◆ Information shown:
BEGIN
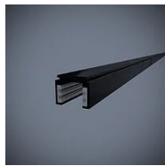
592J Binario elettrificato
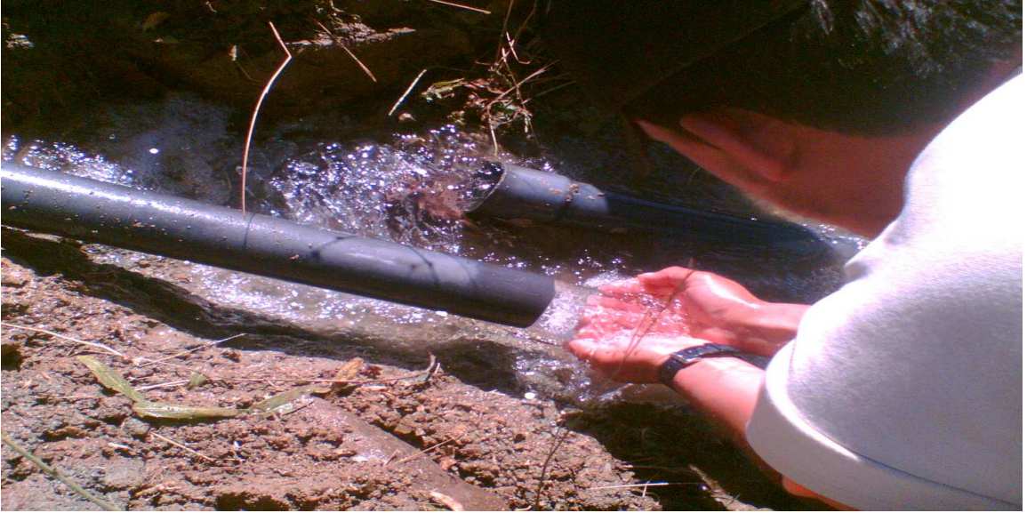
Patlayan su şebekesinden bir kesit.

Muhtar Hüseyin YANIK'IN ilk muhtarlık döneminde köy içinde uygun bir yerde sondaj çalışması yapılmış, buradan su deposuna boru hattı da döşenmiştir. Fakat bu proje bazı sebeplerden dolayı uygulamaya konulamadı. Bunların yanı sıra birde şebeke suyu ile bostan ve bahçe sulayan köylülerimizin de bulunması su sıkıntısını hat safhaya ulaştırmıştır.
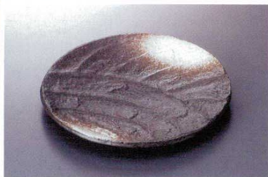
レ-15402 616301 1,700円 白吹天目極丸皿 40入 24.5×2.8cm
END
BEGIN
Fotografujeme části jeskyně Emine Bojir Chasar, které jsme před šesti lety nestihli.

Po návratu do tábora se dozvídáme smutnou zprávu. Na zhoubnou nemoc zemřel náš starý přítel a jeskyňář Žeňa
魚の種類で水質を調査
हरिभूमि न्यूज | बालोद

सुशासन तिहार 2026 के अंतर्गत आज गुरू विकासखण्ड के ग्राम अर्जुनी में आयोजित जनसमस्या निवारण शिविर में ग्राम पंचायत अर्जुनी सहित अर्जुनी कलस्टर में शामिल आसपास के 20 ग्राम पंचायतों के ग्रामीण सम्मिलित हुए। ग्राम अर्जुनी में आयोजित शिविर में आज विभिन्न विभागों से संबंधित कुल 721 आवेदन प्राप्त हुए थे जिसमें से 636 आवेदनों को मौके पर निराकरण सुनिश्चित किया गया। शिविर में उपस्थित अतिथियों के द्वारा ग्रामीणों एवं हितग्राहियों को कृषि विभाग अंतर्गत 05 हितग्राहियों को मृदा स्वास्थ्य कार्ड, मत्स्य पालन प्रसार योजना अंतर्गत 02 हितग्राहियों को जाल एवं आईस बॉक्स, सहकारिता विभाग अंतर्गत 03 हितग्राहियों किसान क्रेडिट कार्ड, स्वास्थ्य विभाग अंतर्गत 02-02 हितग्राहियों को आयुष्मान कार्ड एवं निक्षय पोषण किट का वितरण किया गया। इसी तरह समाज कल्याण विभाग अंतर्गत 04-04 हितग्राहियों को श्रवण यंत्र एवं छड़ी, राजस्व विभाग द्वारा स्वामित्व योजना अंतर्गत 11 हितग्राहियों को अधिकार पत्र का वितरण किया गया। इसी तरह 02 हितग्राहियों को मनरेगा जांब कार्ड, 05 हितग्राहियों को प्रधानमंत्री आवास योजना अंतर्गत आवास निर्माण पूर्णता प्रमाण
END
◆ Aim of the task: Take the line above containing "Patlayan su şebekesinden bir kesit.", the line containing "Muhtar Hüseyin YANIK'IN", and all lines in between, and copy them exactly without anything else.

◆ Your solution:
Patlayan su şebekesinden bir kesit.

Muhtar Hüseyin YANIK'IN ilk muhtarlık döneminde köy içinde uygun bir yerde sondaj çalışması yapılmış, buradan su deposuna boru hattı da döşenmiştir. Fakat bu proje bazı sebeplerden dolayı uygulamaya konulamadı. Bunların yanı sıra birde şebeke suyu ile bostan ve bahçe sulayan köylülerimizin de bulunması su sıkıntısını hat safhaya ulaştırmıştır.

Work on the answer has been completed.